I am not a very new-agey kind of parent. I use time-outs and I don’t spank but other than that I am rather old school. No means no, Mommy and Daddy are the bosses, and sometimes life is not fair and sometimes we don’t always get our way.

Tom and I are very protective parents. We spend a lot of time keeping our kids out of danger because that, and loving them, is our job. We do not spend alot of time trying to make them happy or trying to make things easy for them. Our kids are very happy, but their being happy comes from them feeling safe and loved and nurtured, as well as from them learning to conquer new challenges and negotiate the slippery slope of toddler social skills.

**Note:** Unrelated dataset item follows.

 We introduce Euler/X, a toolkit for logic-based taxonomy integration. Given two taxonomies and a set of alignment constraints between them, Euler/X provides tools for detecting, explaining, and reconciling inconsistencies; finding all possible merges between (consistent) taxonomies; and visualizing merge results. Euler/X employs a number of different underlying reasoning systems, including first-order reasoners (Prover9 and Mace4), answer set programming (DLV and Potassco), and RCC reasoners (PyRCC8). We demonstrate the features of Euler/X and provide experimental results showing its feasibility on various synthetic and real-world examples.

Right now new things include learning to share, dealing nicely with other kids who don’t share, not falling down the back steps, not running in the street and not hitting someone in the head because he got the coveted blue ball first. Yes, it would be easier to just buy more blue balls, and to just carry the boys down the back steps, and to avoid playing with kids who wont or don’t share, but when would they learn how to deal with all of that if not now, when it naturally arises in their little lives?

I want to protect my kids from things that are dangerous - like drugs and violence and pedophiles and Bratz dolls - but not shield them from the learning experiences that will make them a stronger person.

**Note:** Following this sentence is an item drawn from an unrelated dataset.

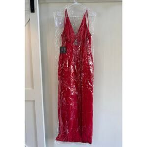 Turn heads in this sleek deep red evening gown with a fitted column silhouette and daring slit. The plunging V-neckline with keyhole cutout, delicate straps, and low open back add modern allure, while smooth polyester drapes with elegance.

Earlier this year my sister’s youngest boy, age 7, got a really tough old crone for his first grade teacher. My sister had heard that this woman is nearing retirement and is notoriously tougher on boys than girls. My nephew is all boy and a typical youngest child; very witty and precocious and a ham for attention. His previous teachers adored him and he was used to being the successful star. His first few weeks with this woman were tough. She wasn’t impressed and he spent a lot of time in the “Quiet Chair” and getting his name on the board for talking, He wanted to switch classes, and feeling for the little guy, I might have agreed. But my mother wisely said that he is lucky to have the opportunity now, at this young age, to learn how to deal with someone who doesn’t fall all over him with applause and joy. He stuck it out and is doing very well this year, still popular and a good student, but saving the goofing off for recess.

Lesson learned.

Some parents don’t ever want to say no to their child, and don’t ever want to expose their kids to things that are negative, difficult or scary. For some parents, this includes things as innocuous as report cards; afraid it will diminish their self-esteem and make them feel dumber than the other kids in their class in school if they get a lower grade. I hated report cards in school, HATED them, but I worked to improve my grades because of them.

As an adult, I hate performance reviews, giving them and getting them, but knowing they are coming up makes me pull out my goals and objectives list and see where I am missing the mark and need to focus.

Hey, I hate the scale, but avoiding it isn’t making me thin.